* _Exercise aim_: The answer consists solely of the lines running from the one with "2026年1月4日,在江苏省" through the final line below, transcribed exactly and without any pictures.

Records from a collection
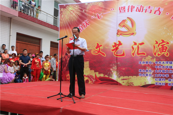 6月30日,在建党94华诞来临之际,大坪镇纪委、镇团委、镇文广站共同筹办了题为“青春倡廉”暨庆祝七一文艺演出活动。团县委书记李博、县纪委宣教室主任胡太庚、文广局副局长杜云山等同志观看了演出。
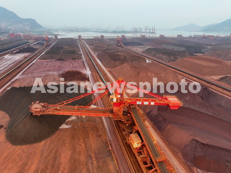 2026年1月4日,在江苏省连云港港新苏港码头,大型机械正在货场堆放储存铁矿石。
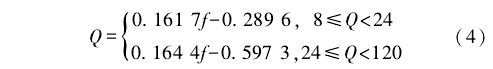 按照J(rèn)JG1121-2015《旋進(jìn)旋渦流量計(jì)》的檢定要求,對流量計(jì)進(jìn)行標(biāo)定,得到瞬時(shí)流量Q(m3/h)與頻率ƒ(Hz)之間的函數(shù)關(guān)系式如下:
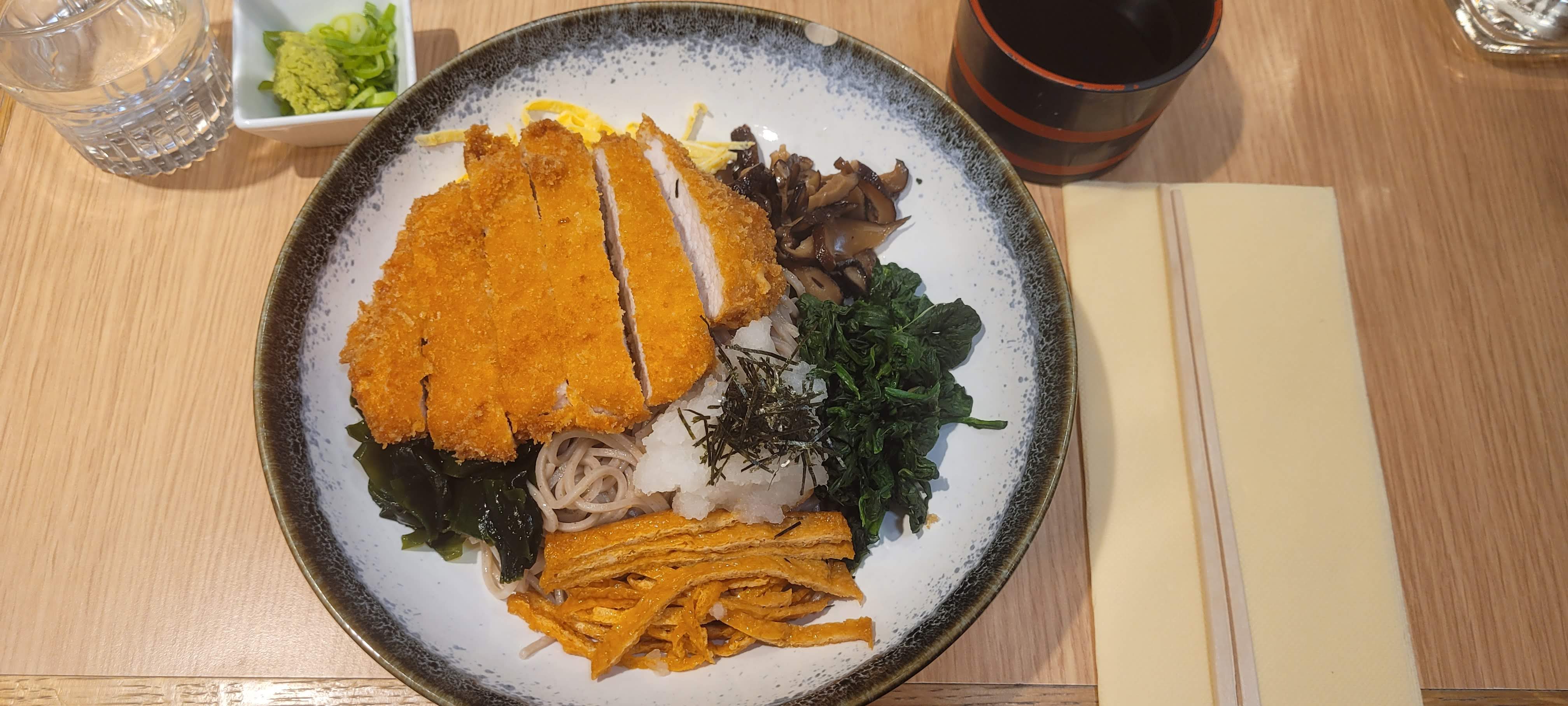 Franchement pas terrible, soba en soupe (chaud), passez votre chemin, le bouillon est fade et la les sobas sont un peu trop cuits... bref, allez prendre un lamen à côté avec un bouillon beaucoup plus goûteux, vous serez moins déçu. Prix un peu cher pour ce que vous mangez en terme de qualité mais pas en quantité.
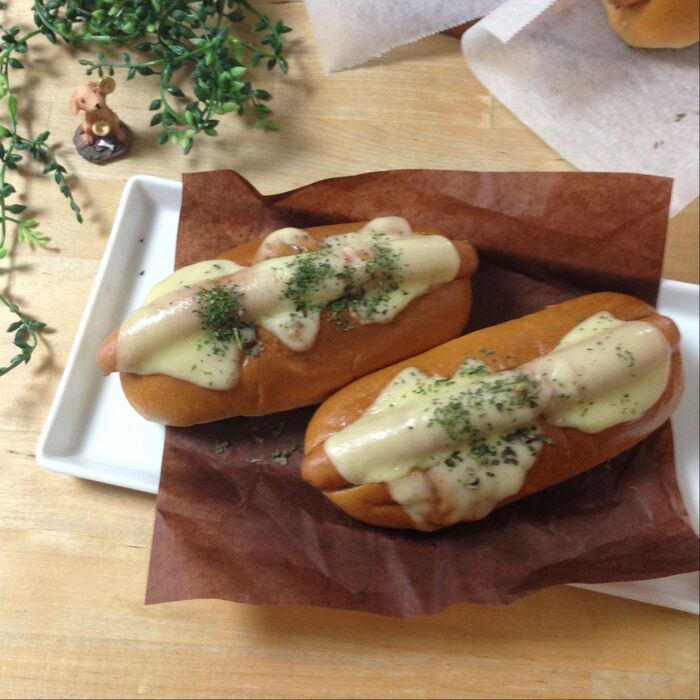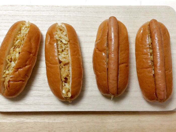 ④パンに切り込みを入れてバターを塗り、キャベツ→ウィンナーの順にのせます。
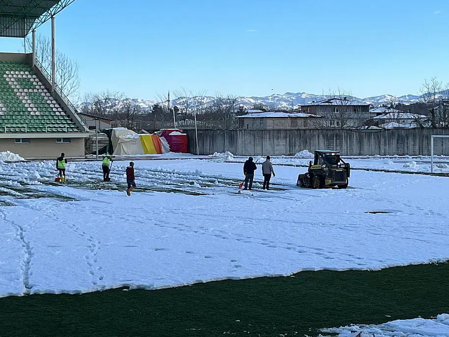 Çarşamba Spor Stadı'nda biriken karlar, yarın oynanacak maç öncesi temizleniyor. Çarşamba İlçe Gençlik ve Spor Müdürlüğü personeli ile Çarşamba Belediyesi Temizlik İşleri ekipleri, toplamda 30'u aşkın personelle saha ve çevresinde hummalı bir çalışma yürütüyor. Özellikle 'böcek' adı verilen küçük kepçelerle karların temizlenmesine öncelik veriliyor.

* _Solution to this exercise_:
 2026年1月4日,在江苏省连云港港新苏港码头,大型机械正在货场堆放储存铁矿石。
 按照J(rèn)JG1121-2015《旋進(jìn)旋渦流量計(jì)》的檢定要求,對流量計(jì)進(jìn)行標(biāo)定,得到瞬時(shí)流量Q(m3/h)與頻率ƒ(Hz)之間的函數(shù)關(guān)系式如下:
 Franchement pas terrible, soba en soupe (chaud), passez votre chemin, le bouillon est fade et la les sobas sont un peu trop cuits... bref, allez prendre un lamen à côté avec un bouillon beaucoup plus goûteux, vous serez moins déçu. Prix un peu cher pour ce que vous mangez en terme de qualité mais pas en quantité.
 ④パンに切り込みを入れてバターを塗り、キャベツ→ウィンナーの順にのせます。
 Çarşamba Spor Stadı'nda biriken karlar, yarın oynanacak maç öncesi temizleniyor. Çarşamba İlçe Gençlik ve Spor Müdürlüğü personeli ile Çarşamba Belediyesi Temizlik İşleri ekipleri, toplamda 30'u aşkın personelle saha ve çevresinde hummalı bir çalışma yürütüyor. Özellikle 'böcek' adı verilen küçük kepçelerle karların temizlenmesine öncelik veriliyor.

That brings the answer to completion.